Horm Res Paediatr. 2017;88(5):354-363. doi: 10.1159/000479691. Epub 2017 Sep 19.
To investigate the occurrence of abnormally elevated values of biomarkers of growth hormone (GH) action in short children on recombinant human GH (rhGH) therapy.
Sixty-three prepubertal short children were examined: 31 with GH deficiency (GHD), 25 small for gestational age (SGA), and 9 with Turner syndrome (TS). The main outcomes were the following: standard deviation score (SDS) values of IGF-I, IGFBP-3, and IGF-I/IGFBP-3 molar ratio before, at the 1st and at the 2nd year on rhGH and Δheight (Ht)-SDS to evaluate GH treatment efficacy (adequate 1st-year ΔHt SDS: >0.4 SDS for GHD and >0.3 SDS for non-GHD).
Seventy-eight percent of GHD, 78% of SGA and 55% of TS children had adequate 1st-year ΔHt SDS. In GHD, 88% of IGF-I SDS and IGFBP-3 SDS that were ≤-2.0 SDS at baseline normalized on treatment. Abnormal IGF-I values >+2.0 SDS were observed in 52% of SGA and in 55% of TS patients on rhGH. Within each group, the IGF-I/IGFBP-3 molar ratio increased significantly from pretreatment and throughout therapy, remaining within normal range for most patients. ΔIGF-I/IGFBP-3 molar ratio SDS were significantly higher in children with an adequate response (p < 0.01).

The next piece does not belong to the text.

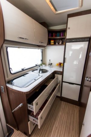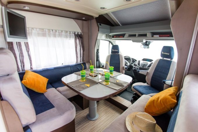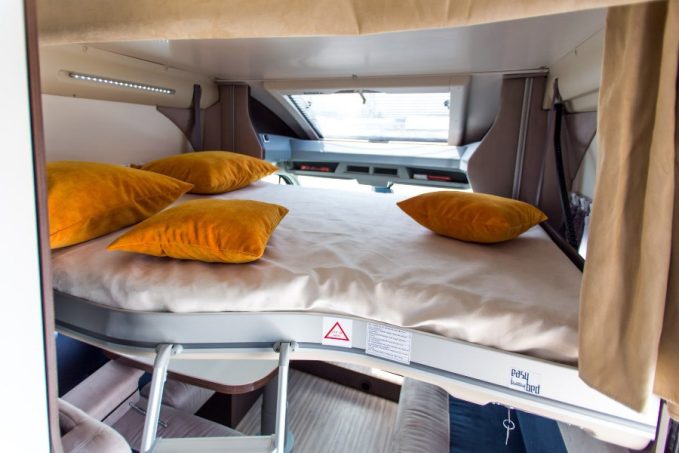 Le salon est donné pour six convives. Ce qui est vrai pour les assises l'est un peu moins en ce qui concerne la table. Son plateau carré conviendra plutôt à quatre couverts. Le lit principal se situe en pavillon, il affiche une très bonne capacité de charge maxi (230 kg). De son côté, la conversion de la dînette en couchage ne pose pas trop de problème. Les coussins de banquette se montrent simplement un tantinet fermes.

Non-GHD groups presented markedly elevated concentrations of GH biomarkers on rhGH and normal IGF-I/IGFBP-3 molar ratio in most patients. Since there is a lack of consensus regarding the molar ratio usefulness, we think that interventions towards a more physiological IGF-I serum profile should be implemented.

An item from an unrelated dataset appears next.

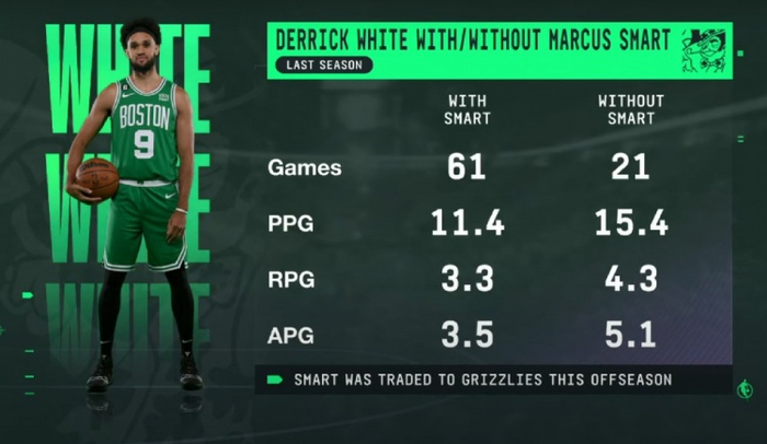 谈到自己需要做的最大调整,怀特说:“我不认为需要什么太大的调整。只是我需要更多持球,就像我在大部分生涯里要做得那样。让每个人处在正确的位置,我身边有塔图姆和杰伦,现在又有了波尔津吉斯,他们会让我的工作变得简单。”

研究接受重组人生长激素(rhGH)治疗的生长激素(GH)作用生物标志物异常升高的矮小儿童的发生情况。
对 63 名青春期前矮小儿童进行了检查:31 名生长激素缺乏症(GHD)、25 名小于胎龄儿(SGA)和 9 名特纳综合征(TS)。主要结果是以下几个方面:IGF-I、IGFBP-3 的标准差评分(SDS)值以及 IGF-I/IGFBP-3 摩尔比在 rhGH 治疗前、第 1 年和第 2 年的值,以评估 GH 治疗效果(第 1 年的适当 ΔHt-SDS:GHD 为 >0.4 SDS,非 GHD 为 >0.3 SDS)。
78%的 GHD、78%的 SGA 和 55%的 TS 儿童在第 1 年有足够的 ΔHt-SDS。在 GHD 中,基线时 IGF-I SDS 和 IGFBP-3 SDS 均≤-2.0 SDS 的儿童,在治疗中正常化。在接受 rhGH 治疗的 52%的 SGA 和 55%的 TS 患者中,观察到 IGF-I 值异常升高>+2.0 SDS。在每个组中,IGF-I/IGFBP-3 摩尔比从治疗前到治疗过程中均显著增加,大多数患者仍处于正常范围内。具有适当反应的儿童的 ΔIGF-I/IGFBP-3 摩尔比 SDS 显著更高(p < 0.01)。
非 GHD 组在接受 rhGH 治疗时 GH 生物标志物浓度显著升高,而大多数患者的 IGF-I/IGFBP-3 摩尔比值正常。由于缺乏对摩尔比值有用性的共识,我们认为应该实施干预措施,以实现更生理性的 IGF-I 血清谱。